- TASK DIRECTIONS: Please return the listing below exactly, without any of its pictures.

- INPUT DATA:
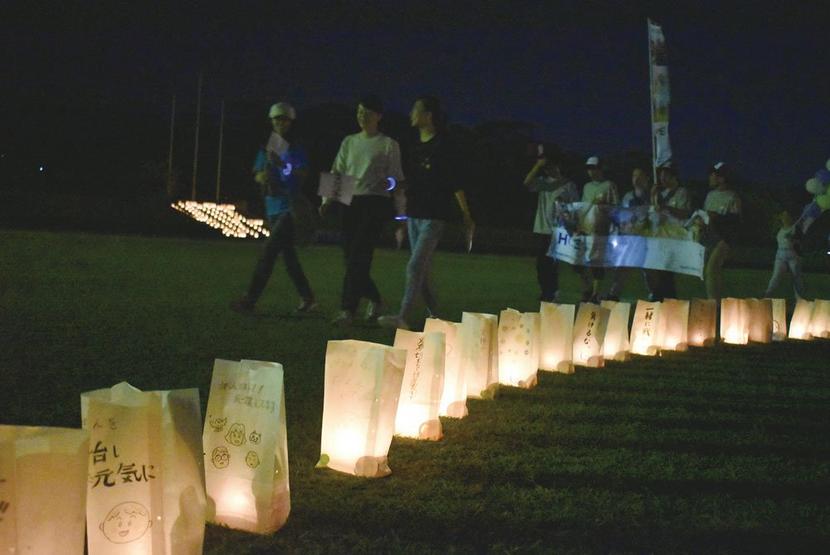 患者団体など11チームが参加し、5日午後1時からの開会式のあとフィールド内の1周が約200メートルのコースを横断幕などを手に歩き始めたが、最初の1周はがん患者、経験者だけで歩いた。コース沿いにはがん患者からのメッセージや患者への励ましの言葉が書かれたルミナリエ千個が並び、暗くなるとロウソクが入れられてルミナリエが暗闇に浮かび上がった。
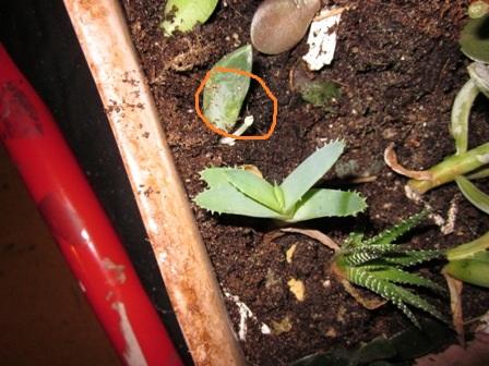 een crasula blad stek gelukt. zag laatst dat een blad was afgebroken.
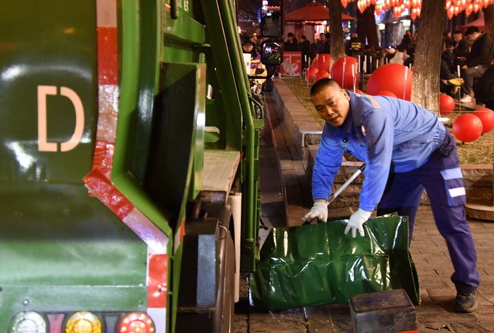 ??2月4日,在簋街清運(yùn)多年的李寧,裝運(yùn)完垃圾后清理環(huán)境。新華每日電訊記者 李欣 攝
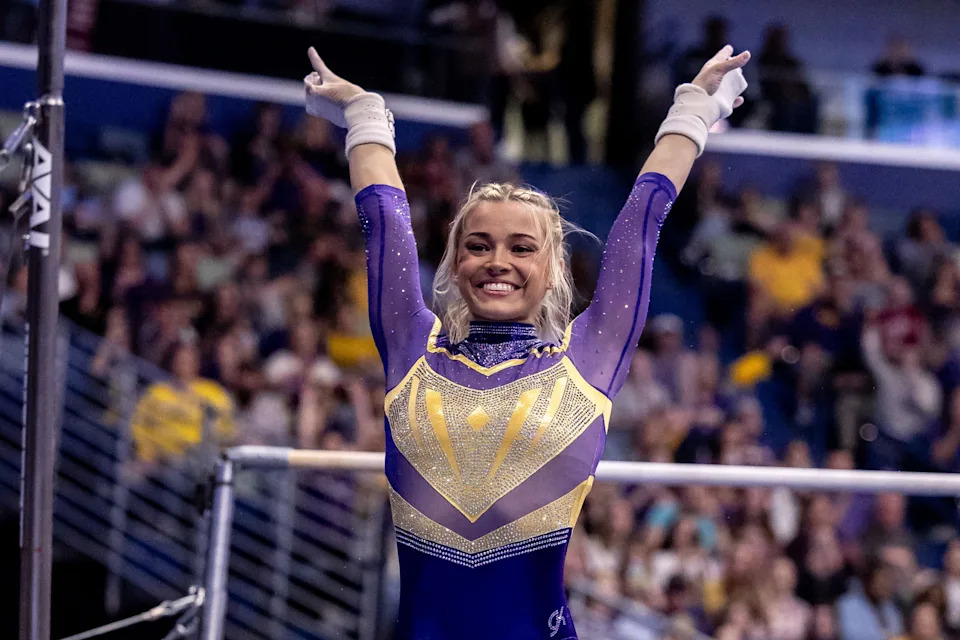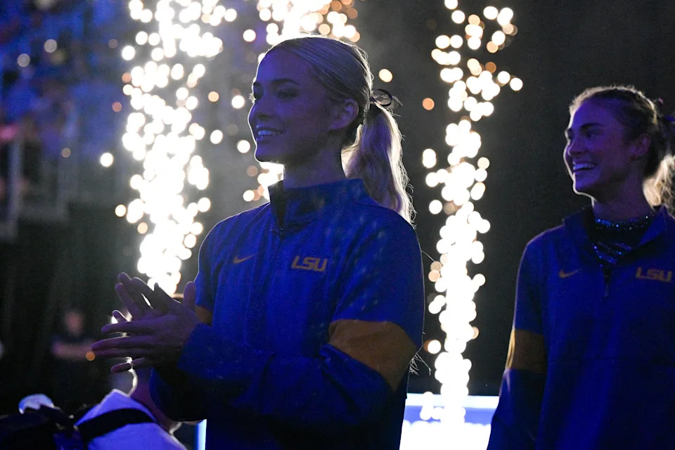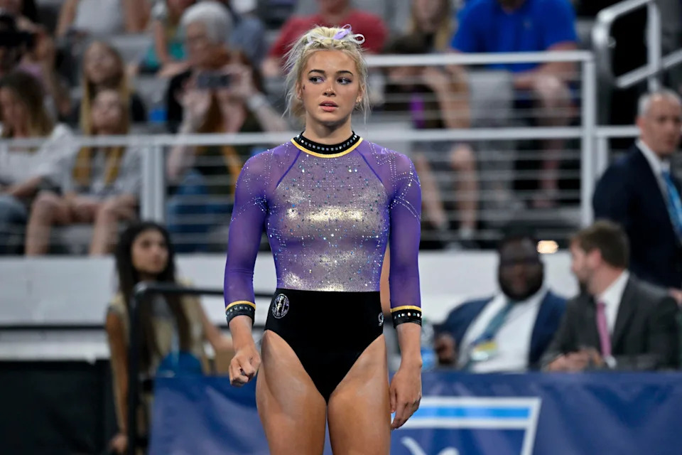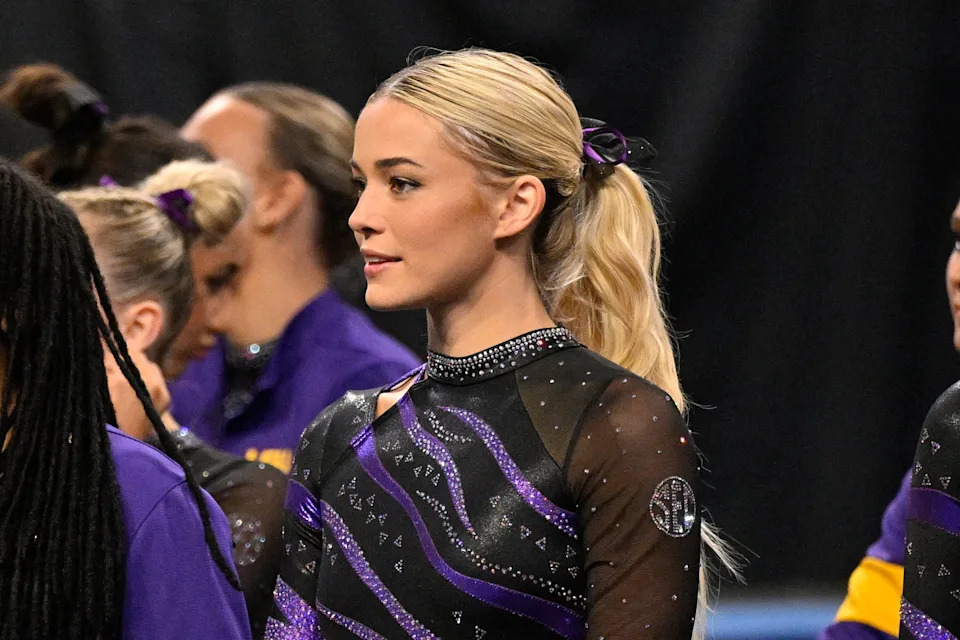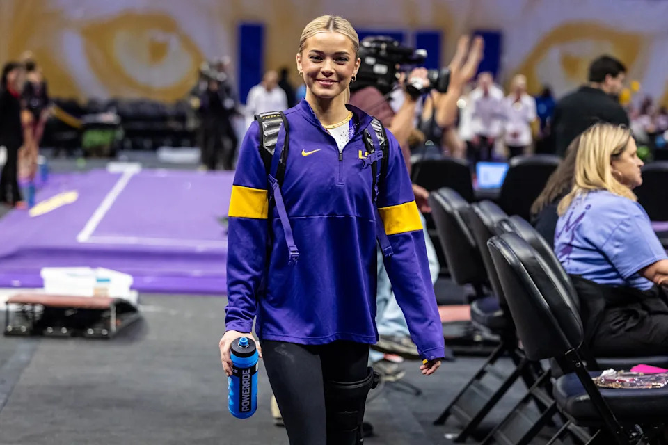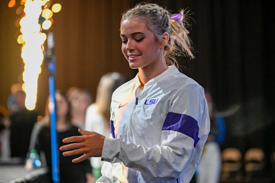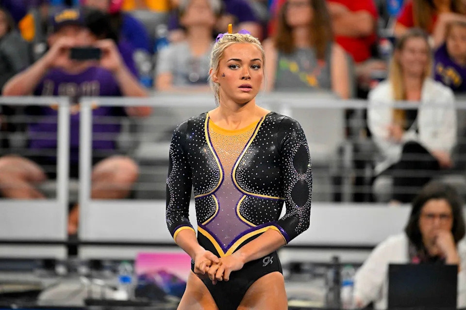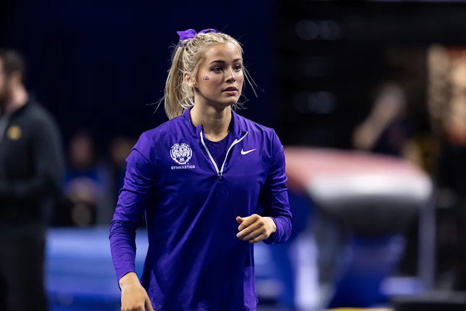 Olivia Dunne looks on against the Florida Gators before a meet in 2024.

- SOLUTION TO THE PROBLEM:
 患者団体など11チームが参加し、5日午後1時からの開会式のあとフィールド内の1周が約200メートルのコースを横断幕などを手に歩き始めたが、最初の1周はがん患者、経験者だけで歩いた。コース沿いにはがん患者からのメッセージや患者への励ましの言葉が書かれたルミナリエ千個が並び、暗くなるとロウソクが入れられてルミナリエが暗闇に浮かび上がった。
 een crasula blad stek gelukt. zag laatst dat een blad was afgebroken.
 ??2月4日,在簋街清運(yùn)多年的李寧,裝運(yùn)完垃圾后清理環(huán)境。新華每日電訊記者 李欣 攝
 Olivia Dunne looks on against the Florida Gators before a meet in 2024.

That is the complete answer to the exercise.